From the records below, output exactly the lines running from the line containing "https://x.com:443/KuroseNobuaki/status/1863154822259822685" through the line containing "Lagoon with NU", and no others.

Data excerpts:
>>>

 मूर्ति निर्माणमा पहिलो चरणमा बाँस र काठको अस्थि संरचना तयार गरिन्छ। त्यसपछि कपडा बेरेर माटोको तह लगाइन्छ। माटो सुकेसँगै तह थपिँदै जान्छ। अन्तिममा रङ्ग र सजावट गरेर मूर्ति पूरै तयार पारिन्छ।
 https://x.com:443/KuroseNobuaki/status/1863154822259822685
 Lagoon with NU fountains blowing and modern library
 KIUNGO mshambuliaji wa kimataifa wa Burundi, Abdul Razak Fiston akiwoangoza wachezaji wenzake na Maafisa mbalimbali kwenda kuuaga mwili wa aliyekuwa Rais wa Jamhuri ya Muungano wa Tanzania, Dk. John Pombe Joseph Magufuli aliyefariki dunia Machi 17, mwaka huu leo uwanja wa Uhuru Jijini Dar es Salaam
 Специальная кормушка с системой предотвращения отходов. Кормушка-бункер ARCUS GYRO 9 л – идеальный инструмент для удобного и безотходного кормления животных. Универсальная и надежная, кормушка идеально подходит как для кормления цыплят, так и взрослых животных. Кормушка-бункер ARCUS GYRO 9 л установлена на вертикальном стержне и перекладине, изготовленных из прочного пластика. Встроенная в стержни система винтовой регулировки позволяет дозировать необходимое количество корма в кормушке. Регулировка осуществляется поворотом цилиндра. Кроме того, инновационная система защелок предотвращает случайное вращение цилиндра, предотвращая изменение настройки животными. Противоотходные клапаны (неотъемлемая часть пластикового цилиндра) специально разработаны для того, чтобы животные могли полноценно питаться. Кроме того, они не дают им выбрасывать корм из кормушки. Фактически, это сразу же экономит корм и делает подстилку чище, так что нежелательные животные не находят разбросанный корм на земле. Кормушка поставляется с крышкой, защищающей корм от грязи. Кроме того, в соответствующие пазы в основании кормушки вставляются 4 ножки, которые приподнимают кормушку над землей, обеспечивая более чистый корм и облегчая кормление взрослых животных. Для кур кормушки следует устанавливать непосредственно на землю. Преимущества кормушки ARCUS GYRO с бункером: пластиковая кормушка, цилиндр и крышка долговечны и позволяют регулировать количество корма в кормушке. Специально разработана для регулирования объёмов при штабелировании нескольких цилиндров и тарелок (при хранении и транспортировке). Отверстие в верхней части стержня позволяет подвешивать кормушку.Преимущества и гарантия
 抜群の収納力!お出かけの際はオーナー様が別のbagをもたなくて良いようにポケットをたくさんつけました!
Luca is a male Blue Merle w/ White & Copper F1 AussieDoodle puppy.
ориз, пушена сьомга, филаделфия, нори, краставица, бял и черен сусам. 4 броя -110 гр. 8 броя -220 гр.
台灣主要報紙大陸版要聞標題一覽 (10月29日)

<<<

**Answer**
 https://x.com:443/KuroseNobuaki/status/1863154822259822685
 Lagoon with NU fountains blowing and modern library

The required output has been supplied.